> [Work instruction]: Transcribe nothing except the lines below that run from the one with "최대 2억원 보장 |" to the one with "エンタープライズBDRの効果", ends included, and do not copy any picture.
○ ○ ○ ○ ○ ○ ○
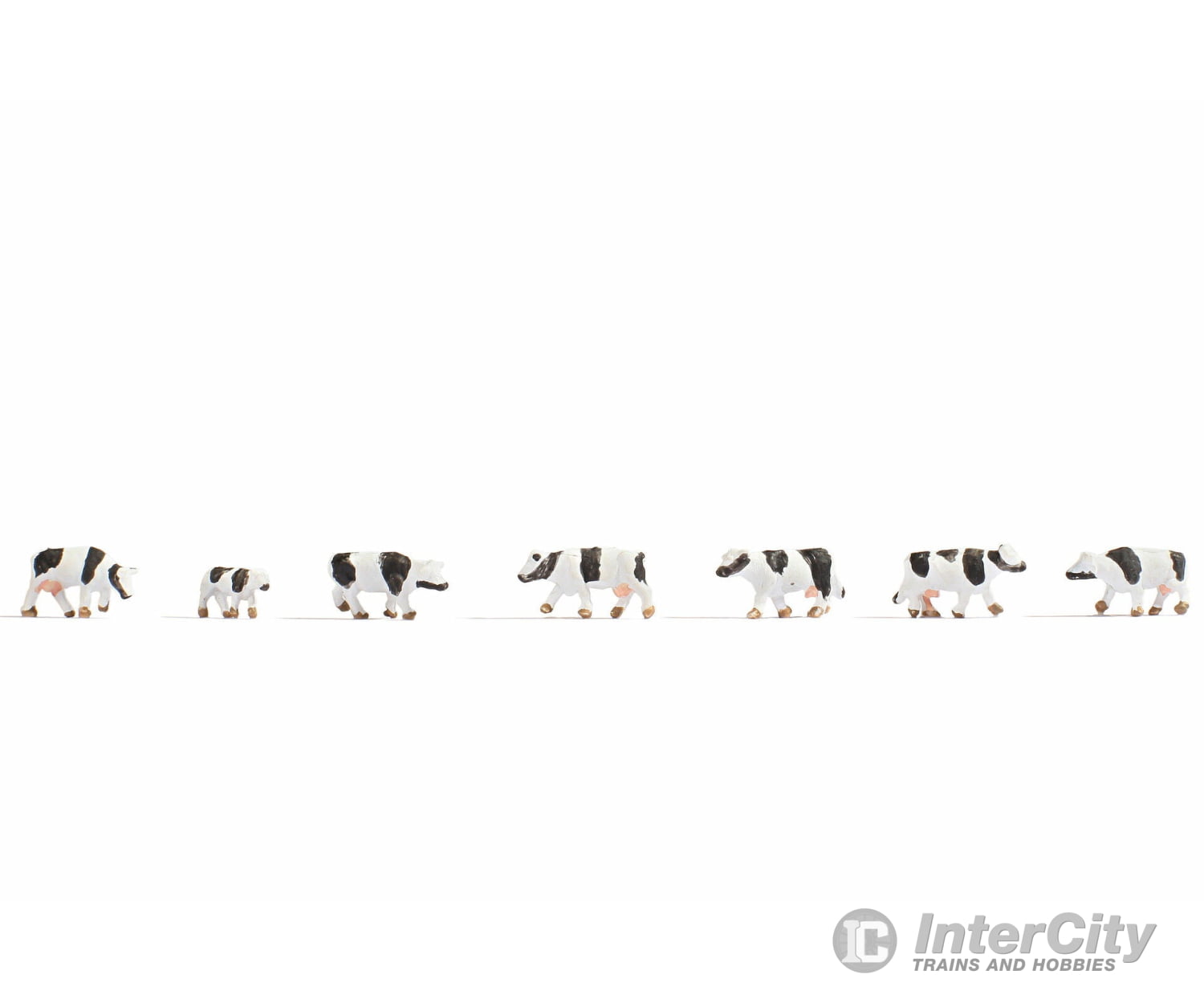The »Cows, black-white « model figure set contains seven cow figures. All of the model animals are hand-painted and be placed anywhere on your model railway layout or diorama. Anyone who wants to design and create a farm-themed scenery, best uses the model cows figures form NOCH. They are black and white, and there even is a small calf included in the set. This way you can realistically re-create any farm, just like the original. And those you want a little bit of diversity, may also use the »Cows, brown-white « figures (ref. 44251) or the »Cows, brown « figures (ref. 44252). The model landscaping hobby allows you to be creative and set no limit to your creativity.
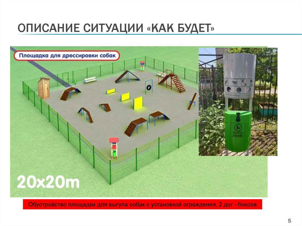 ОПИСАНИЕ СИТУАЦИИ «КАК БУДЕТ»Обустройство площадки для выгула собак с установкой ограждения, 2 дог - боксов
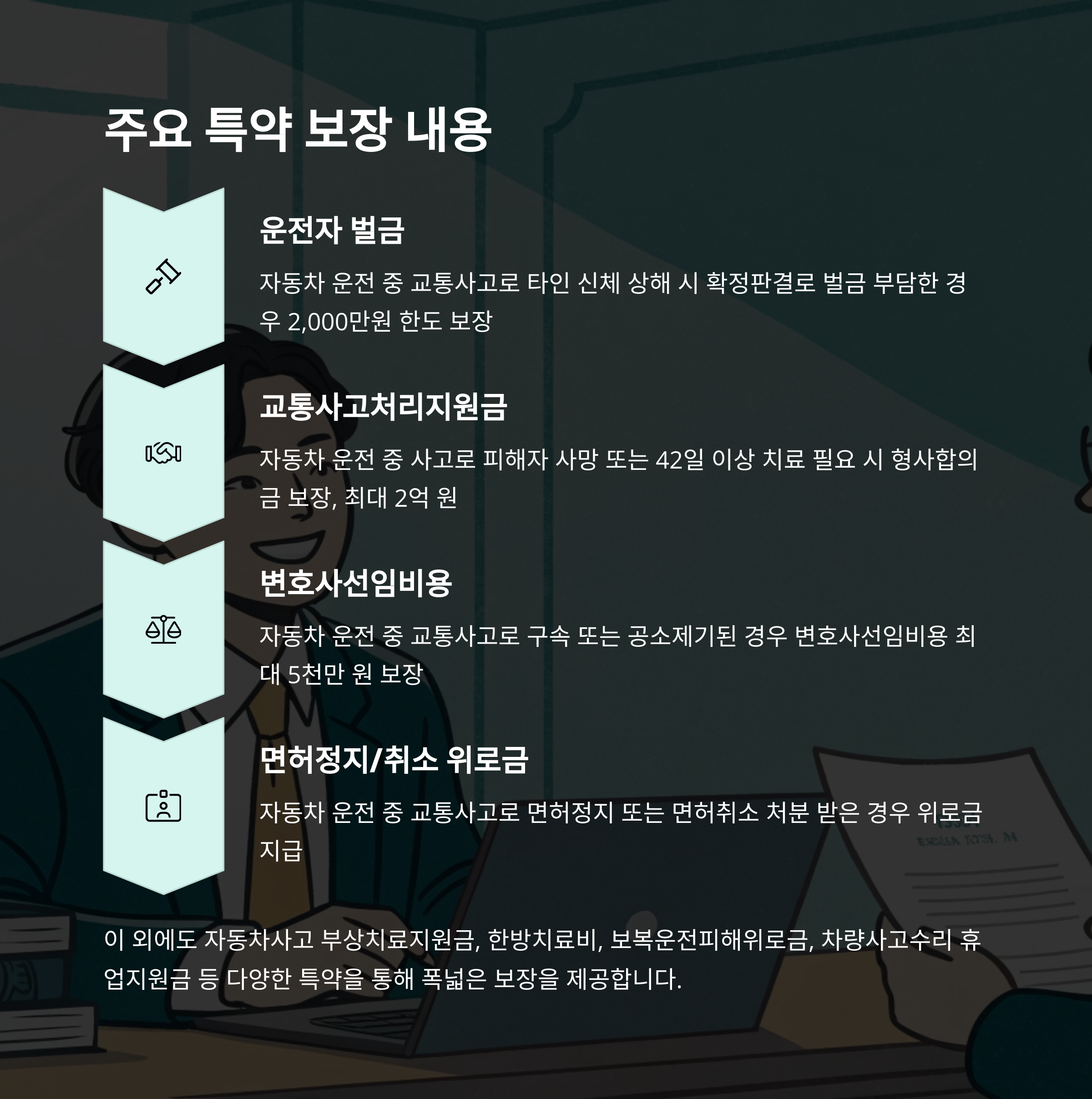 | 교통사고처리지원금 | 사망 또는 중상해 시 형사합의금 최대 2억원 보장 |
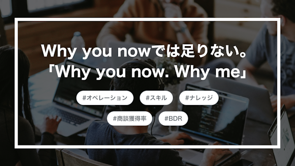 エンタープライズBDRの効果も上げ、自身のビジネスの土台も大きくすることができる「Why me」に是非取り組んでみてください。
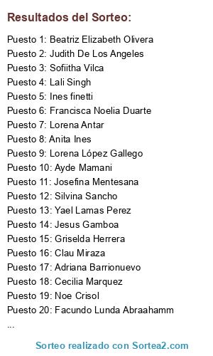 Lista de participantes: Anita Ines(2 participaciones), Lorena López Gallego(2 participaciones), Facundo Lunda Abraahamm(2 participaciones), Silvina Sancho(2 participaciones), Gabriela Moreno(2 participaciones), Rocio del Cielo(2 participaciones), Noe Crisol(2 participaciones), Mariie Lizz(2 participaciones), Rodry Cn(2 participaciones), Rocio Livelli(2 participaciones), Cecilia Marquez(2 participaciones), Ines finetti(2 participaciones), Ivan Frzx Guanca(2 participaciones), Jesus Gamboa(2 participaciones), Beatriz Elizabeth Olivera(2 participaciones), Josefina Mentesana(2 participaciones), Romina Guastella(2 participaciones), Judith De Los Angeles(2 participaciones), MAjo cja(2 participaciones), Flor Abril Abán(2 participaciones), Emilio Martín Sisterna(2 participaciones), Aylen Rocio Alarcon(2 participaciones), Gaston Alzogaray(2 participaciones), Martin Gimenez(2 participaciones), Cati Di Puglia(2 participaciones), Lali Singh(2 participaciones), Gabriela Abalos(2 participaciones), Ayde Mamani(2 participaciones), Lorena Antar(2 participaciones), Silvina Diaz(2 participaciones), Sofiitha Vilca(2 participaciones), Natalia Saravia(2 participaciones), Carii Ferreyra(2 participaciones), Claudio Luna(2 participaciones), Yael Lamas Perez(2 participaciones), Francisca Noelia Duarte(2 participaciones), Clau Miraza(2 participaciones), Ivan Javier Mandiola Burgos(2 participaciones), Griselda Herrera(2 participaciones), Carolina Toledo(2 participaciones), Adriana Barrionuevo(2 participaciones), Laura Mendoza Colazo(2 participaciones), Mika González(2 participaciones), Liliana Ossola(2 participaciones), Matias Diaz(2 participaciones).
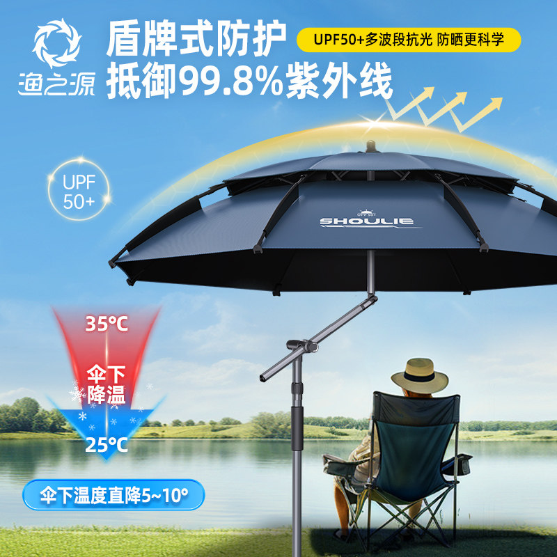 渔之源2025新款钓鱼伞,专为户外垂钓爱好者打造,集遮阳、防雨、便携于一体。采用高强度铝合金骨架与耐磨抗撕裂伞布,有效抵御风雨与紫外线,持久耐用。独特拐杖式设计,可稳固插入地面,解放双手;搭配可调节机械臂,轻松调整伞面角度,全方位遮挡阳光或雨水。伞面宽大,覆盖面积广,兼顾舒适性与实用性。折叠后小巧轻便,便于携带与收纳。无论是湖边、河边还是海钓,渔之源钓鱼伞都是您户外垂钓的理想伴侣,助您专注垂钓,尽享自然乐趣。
○ ○ ○ ○ ○ ○ ○
> [Answer space]:
 | 교통사고처리지원금 | 사망 또는 중상해 시 형사합의금 최대 2억원 보장 |
 エンタープライズBDRの効果も上げ、自身のビジネスの土台も大きくすることができる「Why me」に是非取り組んでみてください。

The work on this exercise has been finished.